Quanto à convocação de “trabalho voluntário” temos a informar algumas questões pertinentes para nossa atuação enquanto servidores públicos efetivos da SEDS, tais como:
1) Durante o exercício da investidura do cargo assumido os funcionários da SEDS não poderiam ser
dispensados para compor esta Força Tarefa, uma vez que a contratação via concurso público para cargos públicos permite apenas exercer aquilo que está em lei, e caso estes profissionais queiram atuar fora de sua jornada de trabalho, exercendo essa dupla função voluntariamente, deverão levar em consideração as devidas orientações de seus respectivos conselhos de classe;
2) A ação proposta é ineficaz, uma vez que para haver um processo de atendimento efetivo é preciso ter no mínimo leitos suficientes para toda demanda reprimida no município de São Paulo, o que devido à ampla divulgação midiática vem recrutando os invisíveis que vão além daqueles que estão na região central do entorno da Estação Luz, pejorativamente denominada “Cracolândia”;
3) Mesmo a ideia de uma “Força Tarefa” exige um trabalho especializado, cabendo ressaltar que o trabalhador voluntário deve ter um amplo conhecimento da rede de atendimento à saúde e socioassistencial do município de São Paulo;
4) Por fim, e apesar de sua importância, é preciso sempre afirmar que NÃO SE FAZ POLÍTICA PÚBLICA COM TRABALHO VOLUNTÁRIO, principalmente por não se tratar de uma situação pontual, mas de caráter continuo que vem se acentuando consideravelmente no decorrer da última década e exige ações organizadas, articuladas e efetivas para garantir um atendimento de
qualidade e que possa atingir as metas esperadas.
Propomos, portanto, que os funcionários da SEDS possam contribuir efetivamente com o Enfrentamento ao Crack por meio de ações que envolvam a peculiaridade presente no Setor da Assistência Social, conforme as diretrizes da Política de Assistência Social integrando a transversalidade que o atendimento à Pessoa com Dependência Química e suas Famílias apresentam, implementando propostas para os serviços socioassistenciais executados nos CRAS e CREAS de todo o Estado de São Paulo, assim como nas Unidades de Acolhimento Institucional em suas diversas modalidades, sem confundir o nosso trabalho com aquele que é da área de Saúde Pública.
São Paulo, 01 de fevereiro de 2013.
Diretoria da ATDSESP

1A propósito, esse tribunal ocupa o espaço de um serviço estadual que foi bastante prejudicado pela iniciativa, o CRATOD. Segue no final do texto uma carta aberta redigida pelos profissionais do serviço reclamando.

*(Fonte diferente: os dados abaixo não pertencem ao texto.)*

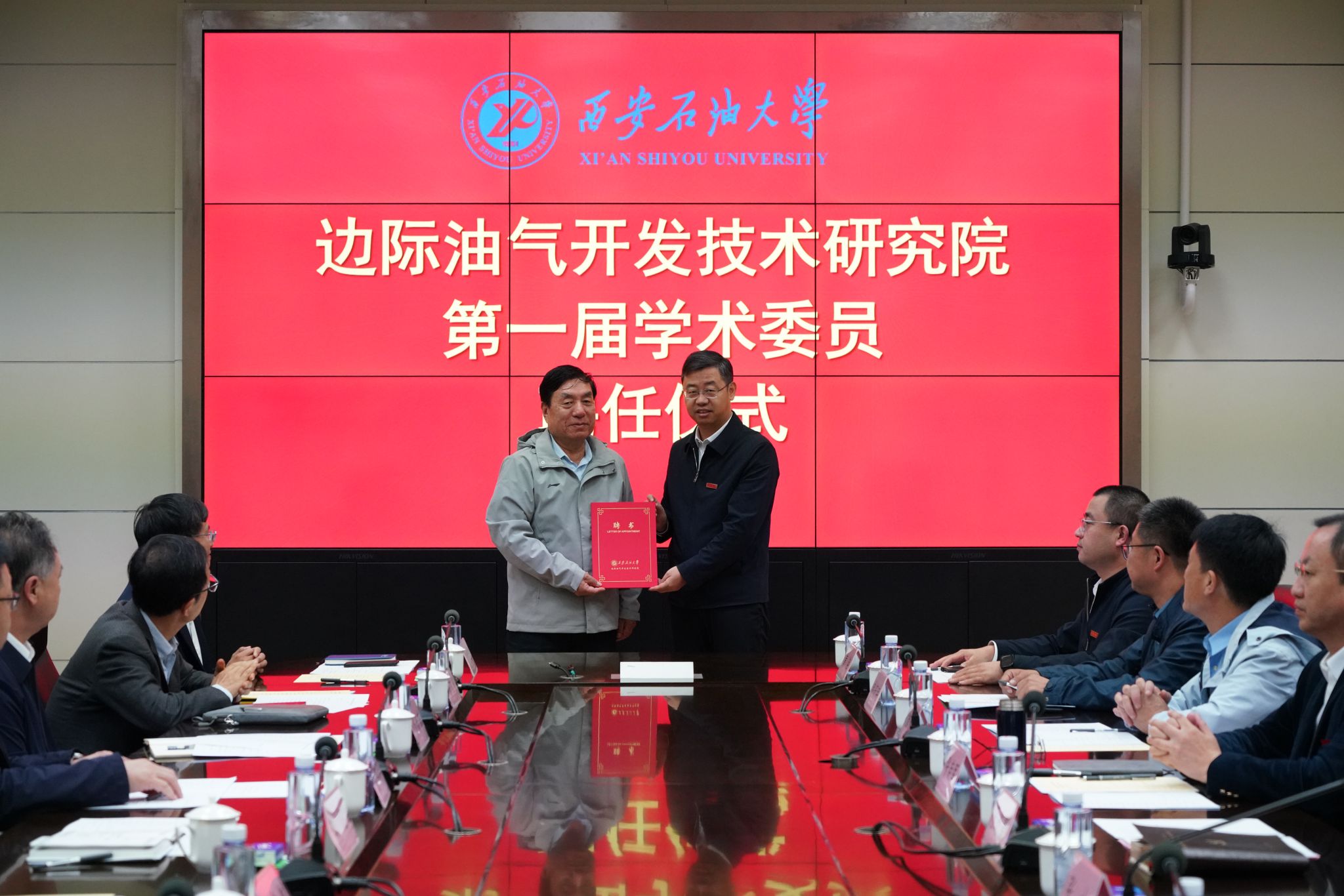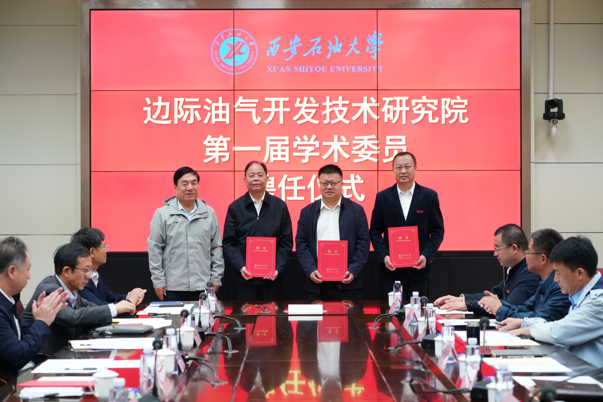 在随后举行的聘任仪式上,张木宣读了《西安石油大学关于聘任第一届边际油气开发技术研究院学术委员会委员的决定》,王进富为李阳院士颁发了学术委员会主任委员聘书,李阳院士依次为各副主任委员、委员及秘书长颁发聘书。现场掌声雷动,气氛热烈。

2A tal fundação populacional e estatística do saber moderno sobre a saúde é uma questão muito mais ampla do que o higienismo. Higienismo, em uma frase, é o estabelecimento de diretrizes de controle de comportamento populacional como forma de promoção de saúde e prevenção de doença.

3Lembraria, a esse respeito, da afirmação de um chefe de polícia de Paris (quem contou a história foi Vladimir Safatle) que,quando questionado sobre a efetividade da ação policial no controle de uma dada balbúrdia, afirmou: “nós [a polícia] não estamos aqui para impor a ordem, mas para administrar a desordem”.

4Há quem chame os conchavos no Brasil de lobbies, que me parece politicamente impreciso, na medida em que lobby se refere ao investimento de entidades privadas na garantia de seus interesses “por cima do tapete” – como acontece, por exemplo, nos EUA, onde isso é permitido – sendo que no Brasil o lobby é proibido por lei (até onde eu sei); a prática equivalente ao lobby no Brasil é crime, e configura corrupção e formação de quadrilha, no mínimo. Os conchavos, que eu saiba, é a composição de bancadas parlamentares unidas em torno da defesa de interesses particulares em função de pertencimento – o cara é evangélico e por isso defende os interesses dos evangélicos, por exemplo.